Since Galileo discovered the isochronic property of the pendulum, they have been the world's most accurate timekeeping technology until the 1930s. This could NOT be so if the angle of the swing would vary the frequency.
Wider swings do NOT take longer, unless you are comparing a swing of 1 degree v. 179 degrees. Then, the variation in period or frequency is really influenced more by friction in the bearing and air friction.
Clocks, use relatively low angle pendulum swings, so these factors are kept at a minimum as there is less movement. The only reason a clock's pendulum may have a higher mass, is to take advantage of Newton's First Law of Motion to overcome as much of the friction to keep it moving as long as posible. The addition, or subtraction of mass will NOT change the frequency of the pendulum.
The period of swing of a simple gravity pendulum depends on its length, the local strength of gravity, and to a small extent on the maximum angle that the pendulum swings away from vertical, called the amplitude.
It is independent of the mass of the bob.
If the amplitude is limited to small swings, the period T of a simple pendulum, the time taken for a complete cycle, is a function of the length of the pendulum and gravity.
For small swings, the period of swing is approximately the same for different size swings: that is, the period is independent of amplitude.
This property, called isochronism, is the reason pendulums are so useful for timekeeping.
Successive swings of the pendulum, even if changing in amplitude, take the same amount of time.

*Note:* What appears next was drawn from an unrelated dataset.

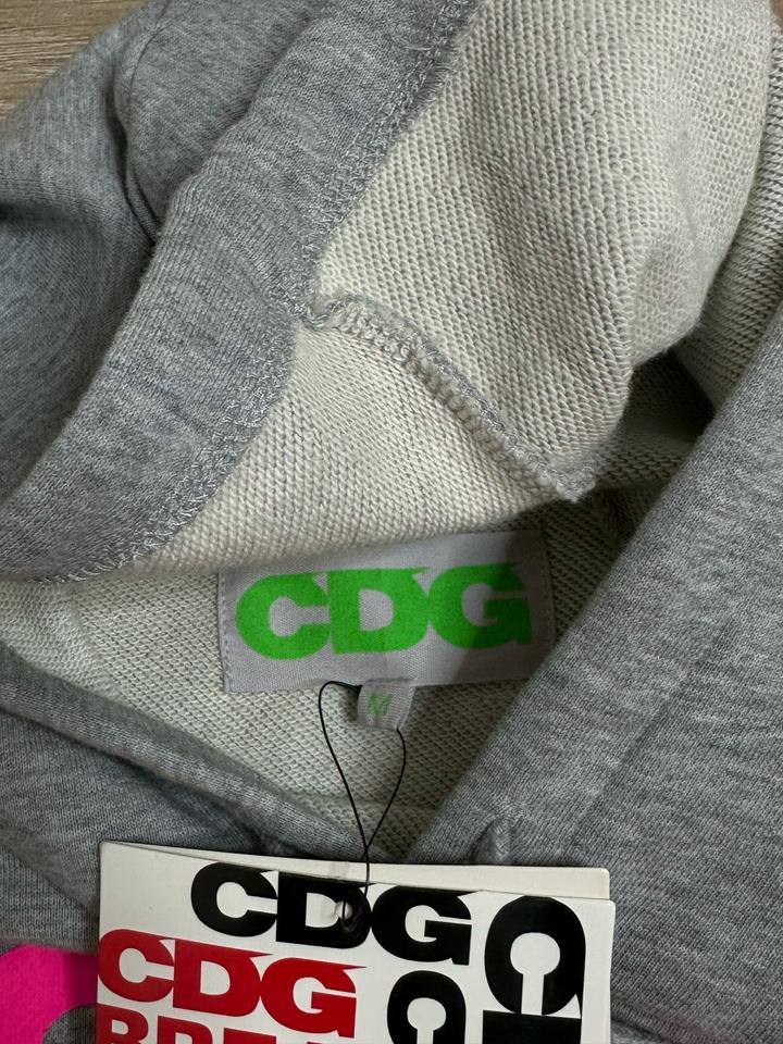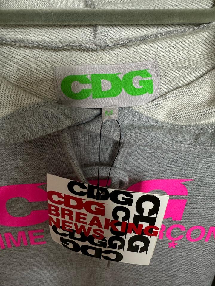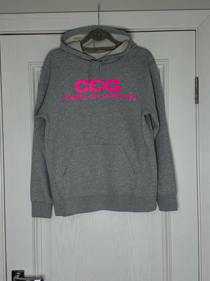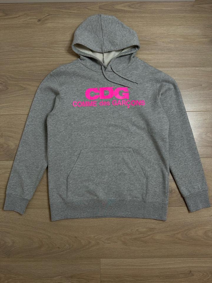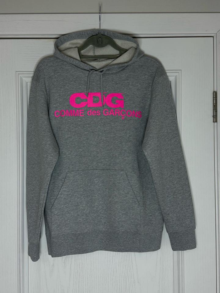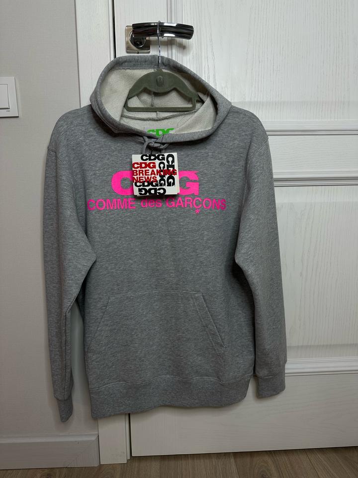 Продам свитшот японского нишевого бренда «Comme des Garsons», серого цвета с розовым логотипом на груди, из капсульной коллекции, дизайнерская вещь. Ткань очень мягкая, приятная к телу, качество превосходное, дышащая, легкая, не скатывается. Прослужит очень долго! Сидит на фигуре идеально. Состав: 60% хлопок, 40% полиэстер. Не растягивается и не отвисает. Имеется капюшон и карман спереди. Артикул: 307335

http://en.wikipedia.org/wiki/Christiaan_Huygens
For small swings, the effect is quite small and could be ignored in a weight driven clock, whose pendulum swings are reasonably constant and therefore unvarying. For spring driven clocks, where the swing gets smaller and smaller as the spring unwinds, the effect was bad enough that a fusee was added to the finest movements to keep the driving force, and therefore pendulum swing, as constant as possible. Cheaper spring driven clocks weren't very accurate anyway, and the recoil escapement used in those movements tended to drive the pendulum faster when wound tight, which partially compensated for the wider (slower) swings of the pendulum. Not that it really mattered in that era, as people set their clocks daily anyway, to a sundial or the town clock bell.....
Cheers,
Chris
"The frequency of the pendulum is dependent on the length of the string or wire. The shorter the wire, the greater the frequency or how fast it goes back and forth.
The frequency is independent of the amplitude of the swing, provided the initial angle is not large. At larger angles, there is a slight change in the frequency.
Also, the frequency is independent of the mass of the bob. In other words a pendulum with a heavy bob will move at the same rate as one with a lighter weight bob. But this only makes sense, since the acceleration of gravity on a falling object is independent of the mass of the object."
See:
http://www.school-for-champions.com/science/pendulum.htm